Bei dieser schönen und fast meditativen Tätigkeit beobachtet man jedoch noch zwei weitere Auffälligkeiten: Erstens sind manche Gräser bereits grüner als andere und zweitens, dass diese oft bereits höher aufgewachsen sind. Ein mitteleuropäischer Rasen ist immer eine Mischung verschiedener Gräser. Und die starten sehr unterschiedlich mit dem Wachstum im Frühjahr. Unsere üblichen Rasengräser – Deutsches Weidelgras, Wiesenrispe und Rotschwingel – sind bis auf das Deutsche Weidelgras eher Spätstarter. Die Gräser wachsen, wenn es wieder wärmer ist und die Tage bereits länger. Weidelgras startet durchaus nach zwei, drei schönen, warmen Tagen im März. Wir haben jedoch in unseren Rasenflächen nicht nur diese drei Grasarten, auch wenn wir das vielleicht einmal so angesät oder als Fertigrasen verlegt haben. Die Jährige Rispe, die Gemeine Rispe oder immer häufiger auch Honiggras leisten ihnen Gesellschaft. Und alle diese Arten sind aus verschiedenen Gründen unerwünscht, aber wesentlich kältetoleranter. Nur 5 °C sind kein Grund nicht bereits zu wachsen. Wasser und Licht sind ausreichend vorhanden. Diese Gräser nutzen die für sie bereits günstige Phase und machen kräftig Photosynthese. Dabei produzieren sie viel Zucker, den sie gleich in die Bildung weiterer und noch größerer Blätter und Seitentriebe und Ausläufer stecken und sich so bereits kräftig ausbreiten, während unsere Gräser noch im Winterschlaf stecken. Daher sollte nach dem Rechengang der Rasen auch zum ersten Mal in diesem Jahr gemäht werden und von da an nun zunächst mal alle 14 Tage, um so diese unerwünschten Gräser etwas zu schwächen.

Nach dem ersten Mähgang erhält der Rasen die erste von den insgesamt fünf Düngergaben des Jahres. Die weiteren Gaben folgen im April, Juni, Ende August und Anfang Oktober. 4 bis 5 g Reinstickstoff pro Quadratmeter sind angezeigt. Wichtig ist jedoch, jetzt die richtige Stickstoffform auszuwählen. Graswurzeln können nur Ammonium (NH4) oder Nitrat (NO3) aufnehmen. Direkt als Dünger verabreicht nehmen sie es bei dem starken Wurzelwachstum im zeitigen Frühjahr schnell auf und fangen nicht an zu wachsen! Dafür ist es noch zu kalt. Aber wir beobachten etwas Anderes – der Rasen wird wieder grün. Es wird neues Chlorophyll gebildet und die Gräser machen intensiv Photosynthese. Wasser ist genug im Boden und die Bäume ohne Laub werfen noch weniger Schatten. Der Zucker wird eingelagert und wenn die Temperaturen steigen, werden viele neue und große Blätter gebildet und noch mehr Zucker. Dieser ist die Versicherung der Graspflanze, Trockenphasen im Frühsommer – wenn die Photosynthese eingestellt werden muss, weil kein Wasser aus dem Boden nachgeliefert werden kann – gut zu überstehen.

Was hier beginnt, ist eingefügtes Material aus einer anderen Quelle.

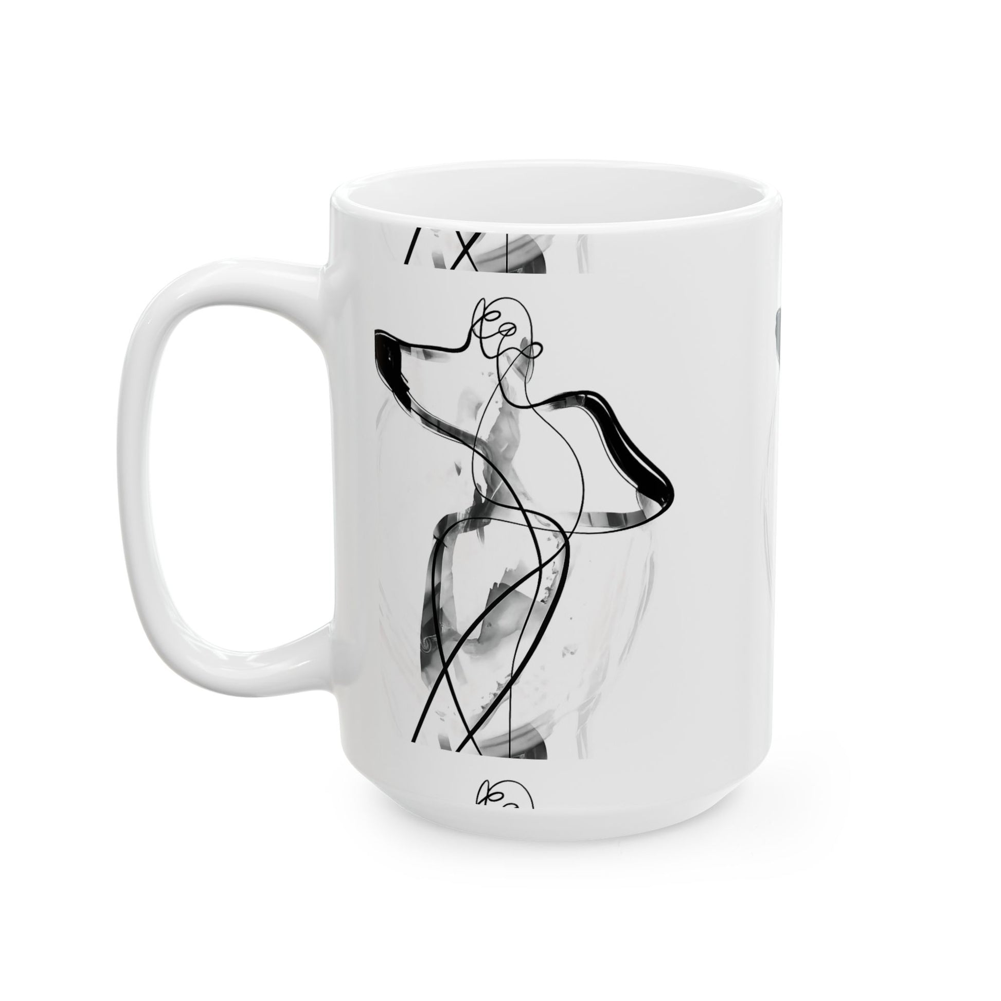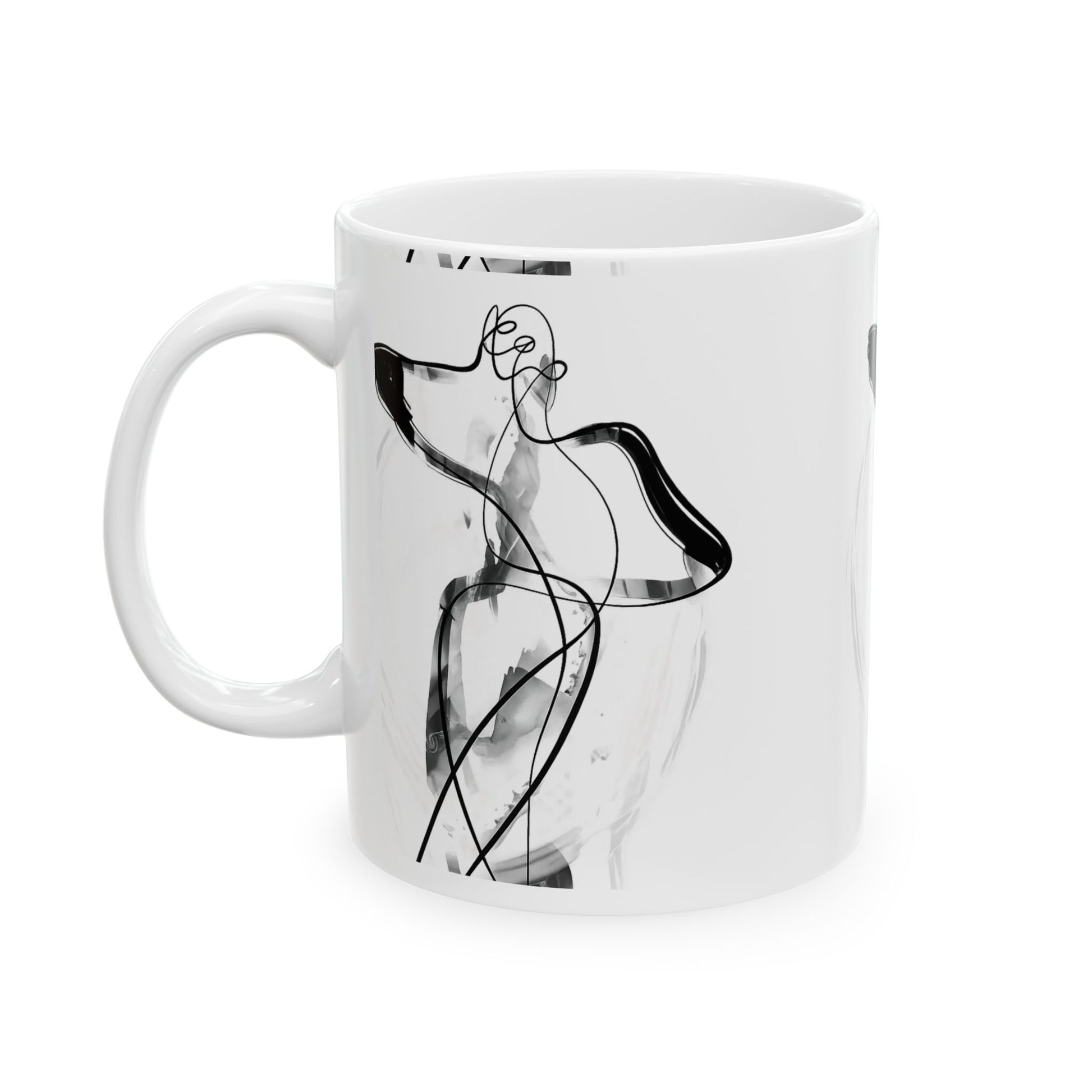 This mug features a monochrome ink figure artwork wrapped around the surface, showcasing fluid motion and expressive line work. The abstract human form feels organic and balanced, creating a calm yet emotionally resonant visual. Printed cleanly on a white ceramic base, the design maintains a refined, gallery-inspired presence that enhances daily coffee or tea moments without visual noise.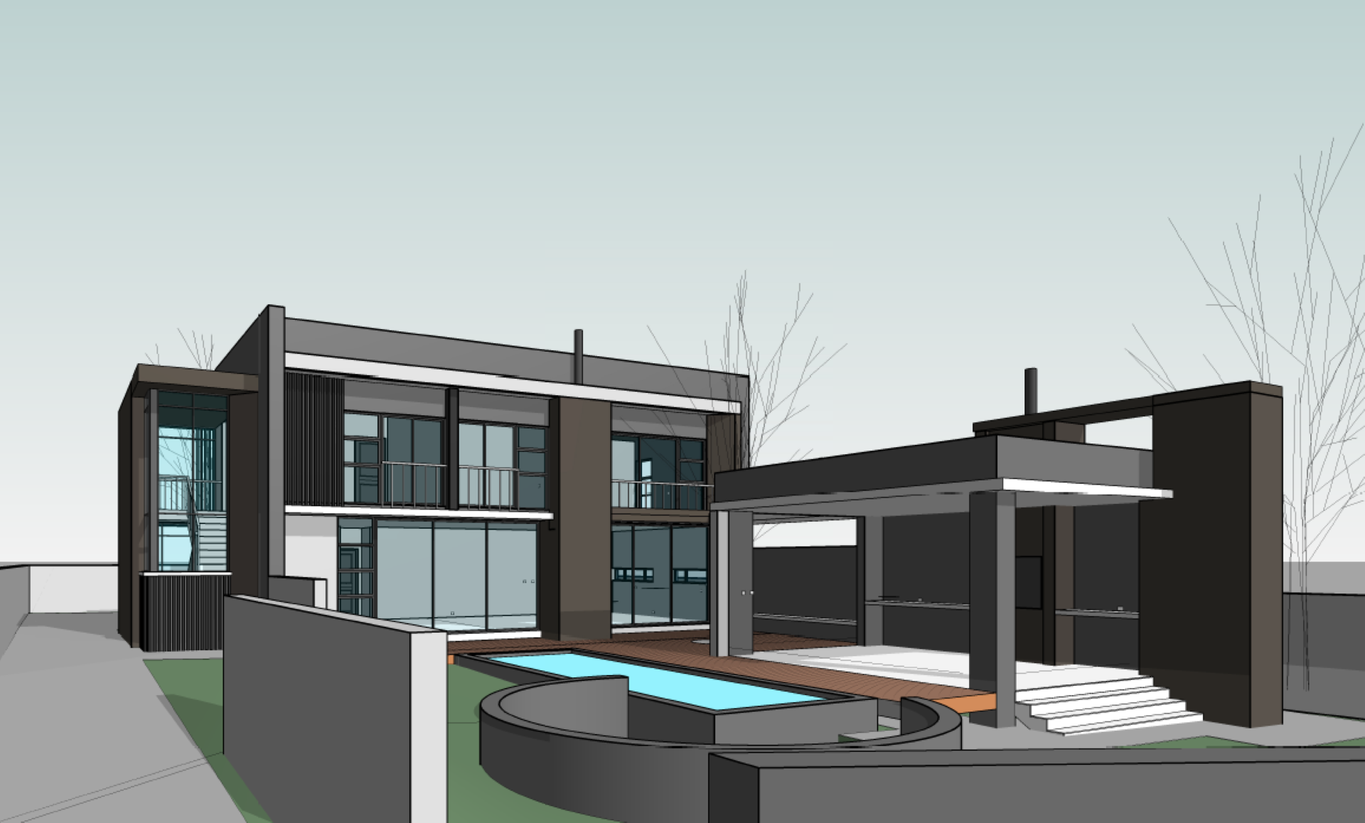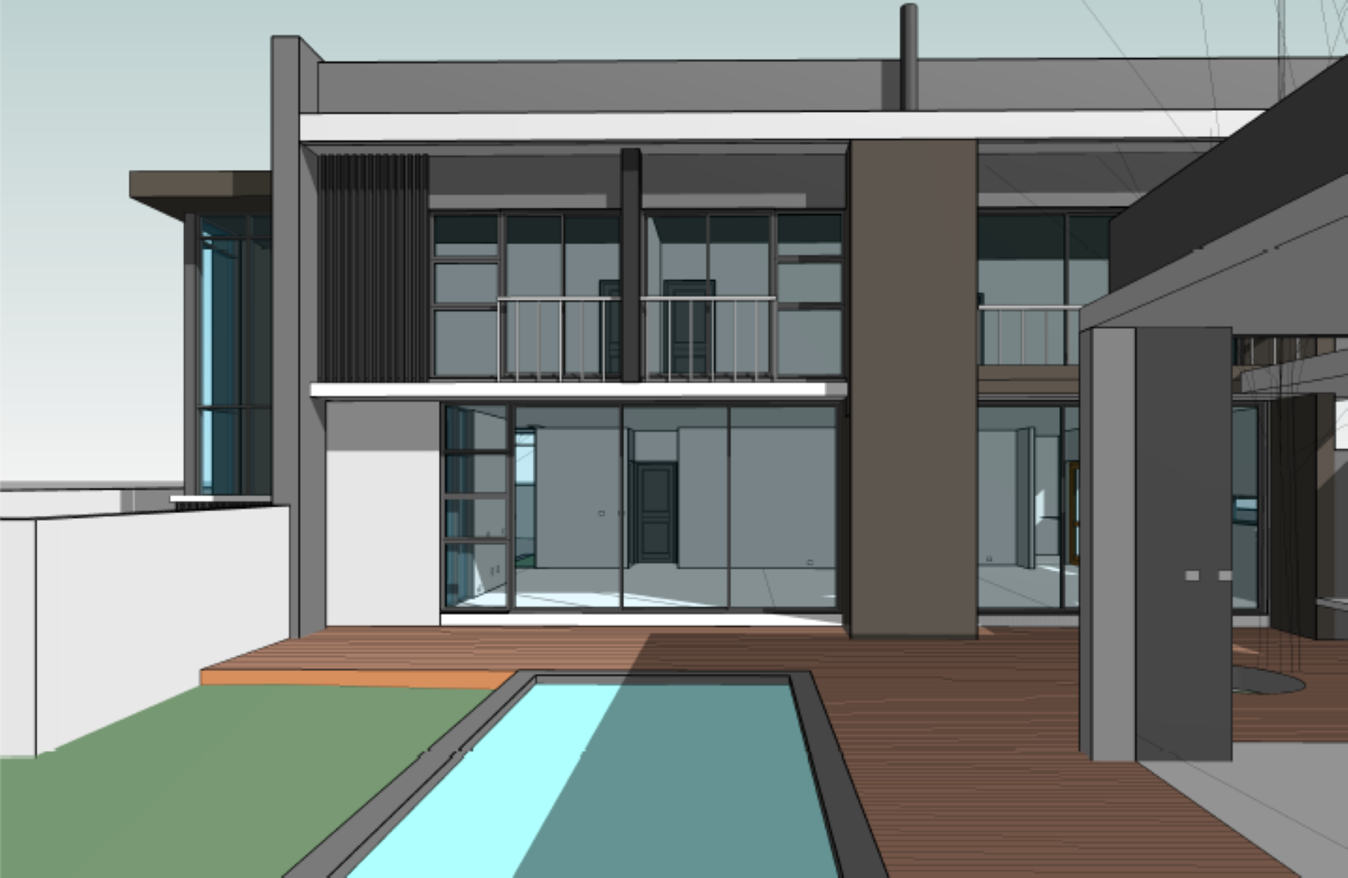 Step out onto the wooden deck and you’ll be welcomed by a covered entertainment patio, complete with a built-in braai, countertop space, and prep bowl. The patio overlooks a sparkling swimming pool and a charming round boma, making this home an entertainer’s dream.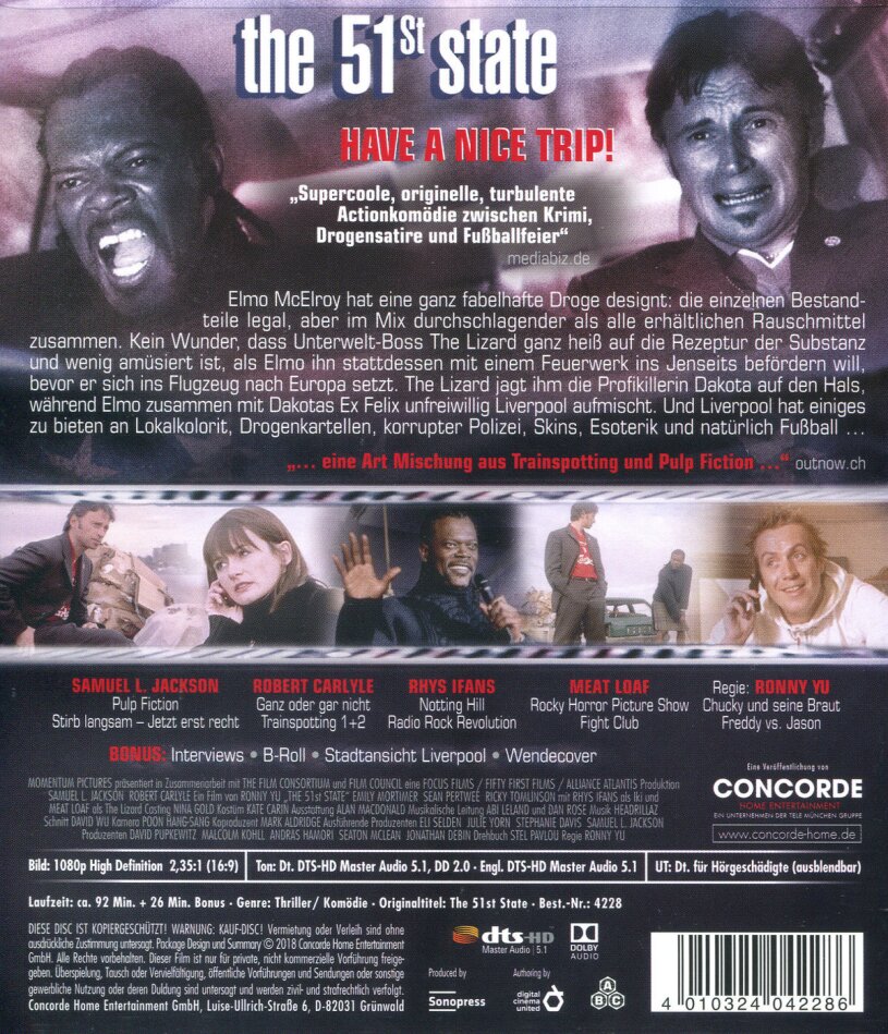 mein gott hab ich mich bei diesem film krummgelacht. die dialoge sind vom feinsten. sicher nicht jedermanns/frau sache. wenn man z.B. Guy Ritchie filme mag, mag man auch the 51st state!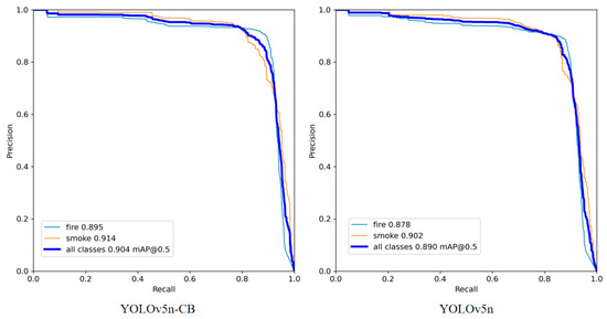 As can be seen from Figure 6, the YOLOv5N-CB model can identify the categories of fire and smoke presented in the figure, while the YOLOv5n model fails to detect them. At the same time, the YOLOv5n-CB model not only identifies the missed flame target of the original model but also has a higher confidence score than the original model, indicating that the model identification is more accurate. Furthermore, the prediction frame is close to the actual frame, indicating that the improved model has a good detection effect, proving the proposed model’s application value.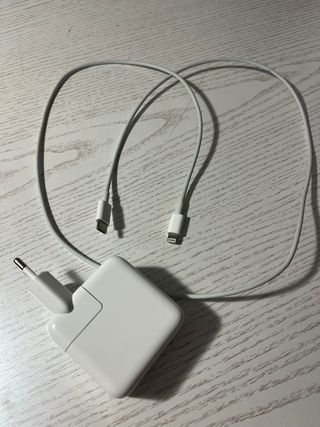 Vendo cargador Apple de 96W usado un par de veces. Válido para MacBook, iPad y iPhone es de carga rápida. Viene con más cabezas de enchufe. Cable para elegir Lightning o USB-C.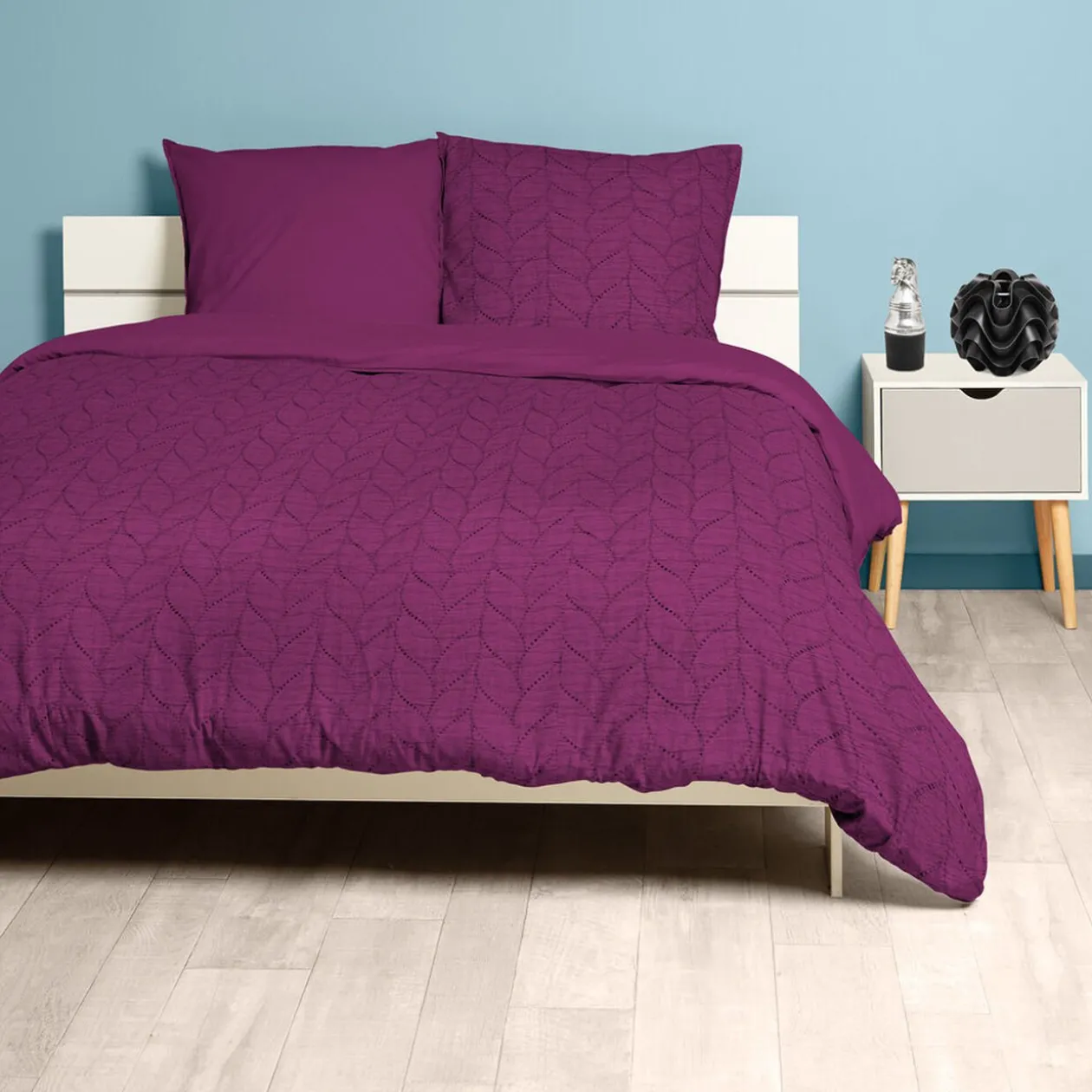 Cette parure de lit bi-face prune pour 2 personnes comprend une housse de couette au dessus matelassé 220 x 240 cm et deux taies d’oreiller carrées coordonnées 63 x 63 cm.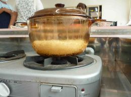 耐熱ガラスの鍋で、炊いている間、お米がどのように炊けていくのかも見るなど、いろいろと発見がありました。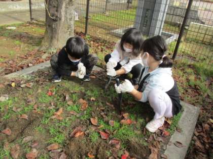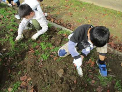 今日はチューリップの球根を植えました。土おこしや草むしりをしながら畑を耕しました。そして春に収穫した球根を植えました。きれいなチューリップが咲くように願いをこめて、力を合わせて植えました。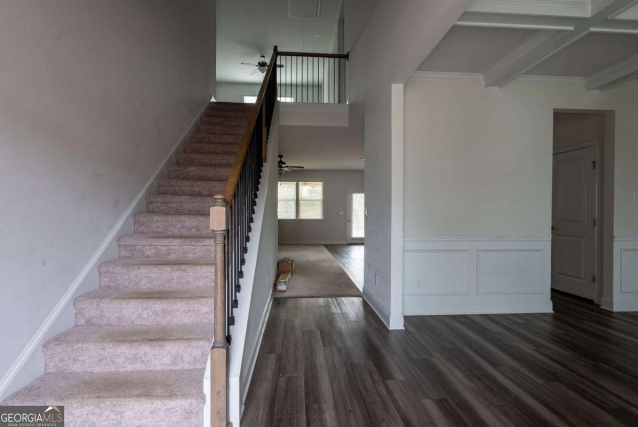 Welcome to 5257 Shorthorn Way in Powder Springs, GA - a beautiful 4-beds/4-baths home tucked away in a quiet cul-de-sac with easy access to city amenities. This thoughtfully designed layout features one bedroom and full bath on the main floor, perfect for guests or multigenerational living, with the remaining bedrooms located upstairs along with a spacious second-floor laundry room for added convenience. The upper level also boasts an expansive loft ideal for a media room, play space, or home office. The primary suite showcases an elegant tray ceiling and a luxurious ensuite complete with a dual-sink vanity, huge walk-in closet, glass-enclosed shower with full tile surround, and a separate soaking tub for a true retreat experience. Enjoy outdoor living from the welcoming front porch or unwind on the covered back porch overlooking the backyard. Combining generous living spaces, functional design, and a peaceful neighborhood setting, this home offers comfort, flexibility, and move-in-ready appeal.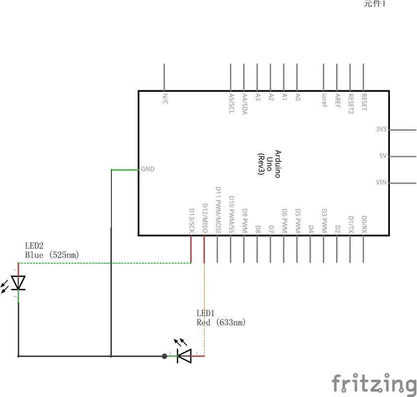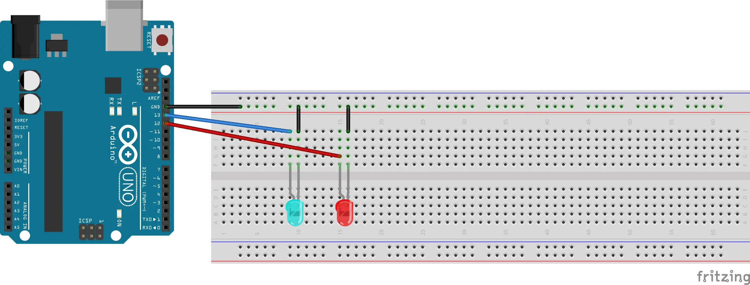没啥好设计的,就是把他们分别连接到分别连接Arduino两个引脚上,为了防止电流过大,保护我这LED灯,减少财产损失,我给其中一个加了一个电阻,另外一个连接到自带电阻的引脚上了。为了体现我装逼的专业感,我特意用一款比较简易NB的电路设计软件:fritzing,给大家设计如下电路连接示意图结构:
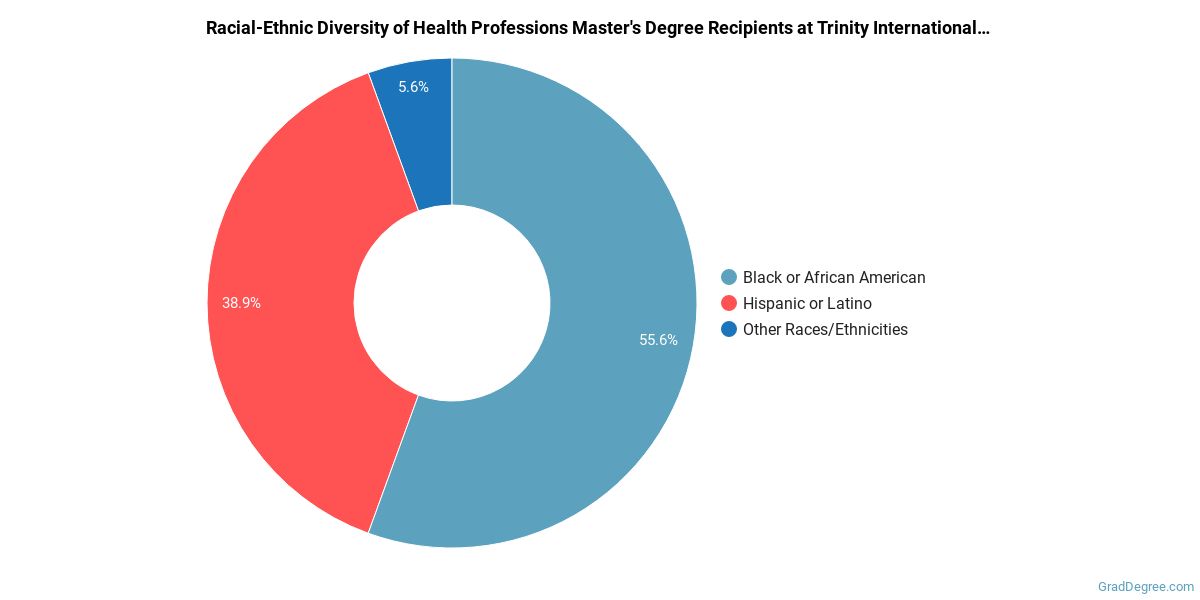 The following table and chart show the race/ethnicity for students who recently graduated from Trinity International University - Florida with a master's in health professions.

Organische Dünger zu dem frühen Zeitpunkt zeigen keine Wirkung, da hier erst Mikroorganismen im Boden den organisch gebundenen Stickstoff in Ammonium und Nitrat umwandeln müssen. Sie starten ihre Aktivität jedoch auch erst bei Bodentemperaturen von 10 bis 12 °C, also irgendwann im April oder Mai.

Eine frühe Stickstoffgabe mit sofort verfügbaren Stickstoffformen, mehr Zucker in der Pflanze – sie zusammen bewirken, wenn es wieder wärmer wird und die Bodentemperatur auf die bereits angesprochenen 10 bis 12 °C steigt, intensives Wachstum. Es werden neue Blätter gebildet und mit jedem neuen Blatt auch ein Seitentrieb. So wird der winterlich ausgedünnte, lückige Rasen wieder dicht und drängt das sich über den Winter ausbreitende Moos zurück. Und in einer dichten, geschlossenen Grasnarbe haben es unerwünschte Kräuter schwerer, sich anzusiedeln.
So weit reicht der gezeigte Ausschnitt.